Grenouille's mother - Grenouille was her fifth baby. She had claimed her first four were stillbirths or "semi-stillbirths". In her mid-twenties, with missing teeth, "some hair on her head", a touch of gout and syphilis, she was, obviously, quite ugly.

Jeanne Bussie - One of Grenouille's many wet-nurses. She was the first person to realize he had no scent. Claimed he was sucking all the life out of her.

Father Terrier - He was in charge of the church's charities, and the distribution of its money to the poor and needy.

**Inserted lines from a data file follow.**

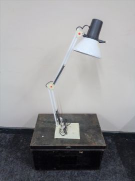 An antique metal deed box together with an angle poise lamp
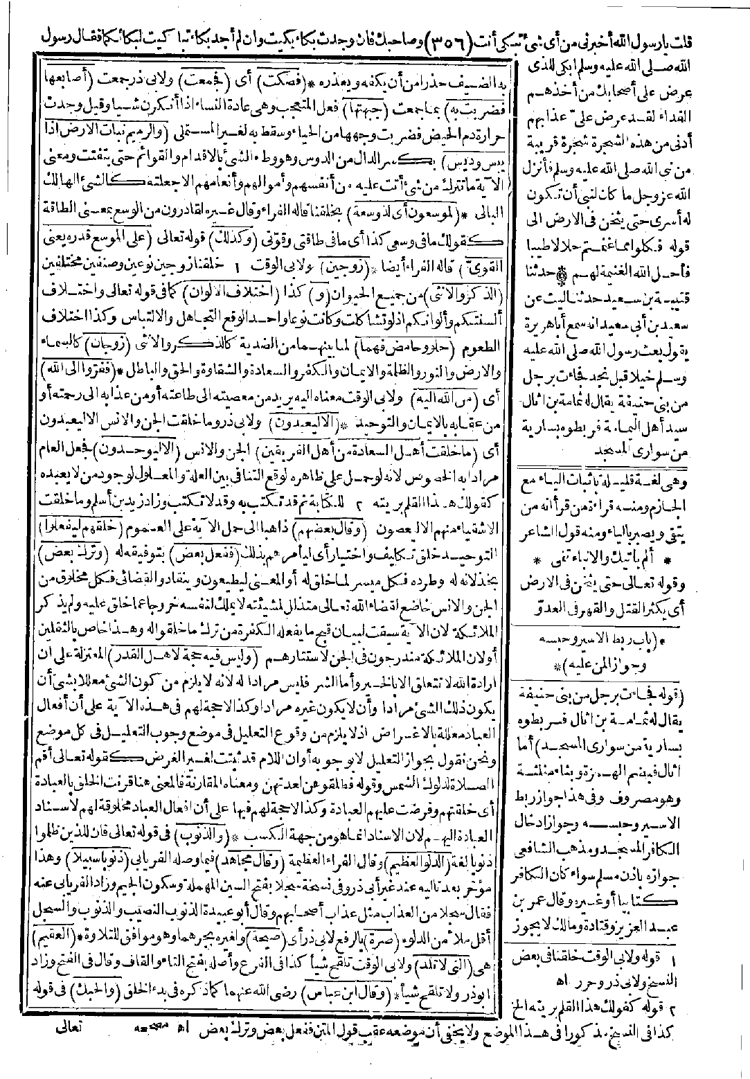 (وقال بعضهم): ذاهبًا إلى حمل الآية على العموم (خلقهم ليفعلوا) التوحيد خلق تكليف واختيار أي ليأمرهم بذلك (ففعل بعض) بتوفيقه له (وترك بعض) بخذلانه له، وطرده فكلٌّ ميسر لما خلق له أو المعنى ليطيعون وينقادوا لقضائي فكلٌّ مخلوق من الجن والإنس خاضع لقضاء الله تعالى متذلل لمشيئته لا يملك لنفسه خروجًا عما خلق عليه، ولم يذكر الملائكة لأن الآية سيقت لبيان قبح ما يفعله الكفرة من ترك ما خلقوا له وهذا خاص بالثقلين أو لأن الملائكة مندرجون في الجن لاستتارهم (وليس فيه حجة لأهل القدر) المعتزلة على أن إرادة الله لا تتعلق إلا بالخير وأما الشر فليس مرادًا له لأن لا يلزم من كون الشيء معللًا بشيء أن يكون ذلك الشيء مرادًا وأن لا يكون غيره مرادًا وكذا لا حجة لهم في هذه الآية على أن أفعال العباد معللة بالأغراض إذ لا يلزم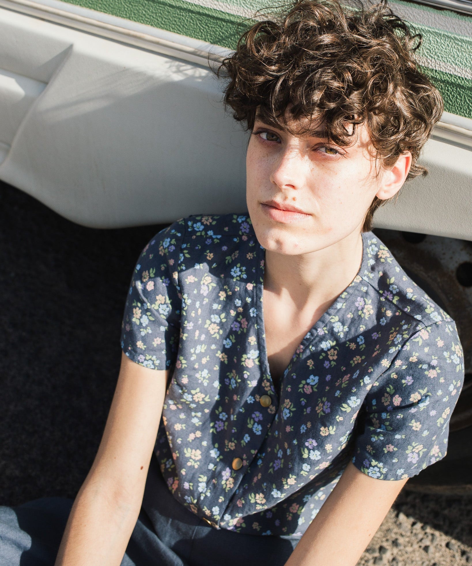 customized: GETTY front snaps linen top (Color: Admiral Blue; Size: S)

He first thought Grenouille was a cute baby, but once Grenouille began to sniff Terrier, the priest was highly disturbed and sent the baby to a boarding house.

Madame Gaillard - She had no sense of smell, so she didn't know that Grenouille had no scent. In charge of a boarding house, her goal in life was to save enough money to have a proper death and funeral. Ironically, she loses all her money in old age, dies a miserable death, and is not even buried, but rather, thrown onto a heap with other bodies.

Children at the Boarding House - They were repulsed by Grenouille and even tried, in vain, to suffocate him with rags and blankets while Grenouille was asleep.

Grimal - A tanner who lived near the river in the rue de la Mortellerie. Grenouille works for him from age eight into his early youth.

The Girl - Her natural scent was that of sea breeze, water lillies, and apricot blossoms; it was a rich, perfectly balanced and magical scent. She had red hair and wore a gray, sleeveless dress. She was halving plums when Greouille killed her as his first victim.

Giuseppe Baldini - An old perfumer. Lacking a gift for it, he merely knows the art of perfumery. He takes on Grenouille as an apprentice and becomes rich from the perfumes that Grenouille creates for him. He ends up giving Grenouille journeyman papers, which will help Grenouille in his future travels. He owns a perfume shop filled with a strong amalgam of scents. The shop is so intoxicating that it scares away potential customers; Baldini is too dense to realize this fact. The shop is located in the middle of the Pont-au-Change.

Chenier - Baldini's assistant. He is somewhat younger than Baldini. He knows Baldini is talentless, but still boasts Baldini's skills in hopes that one day he will inherit Baldini's perfume shop.

Pélissier - Never actually appears in novel. He is only talked about because he is considered the most innovative perfumer in Paris.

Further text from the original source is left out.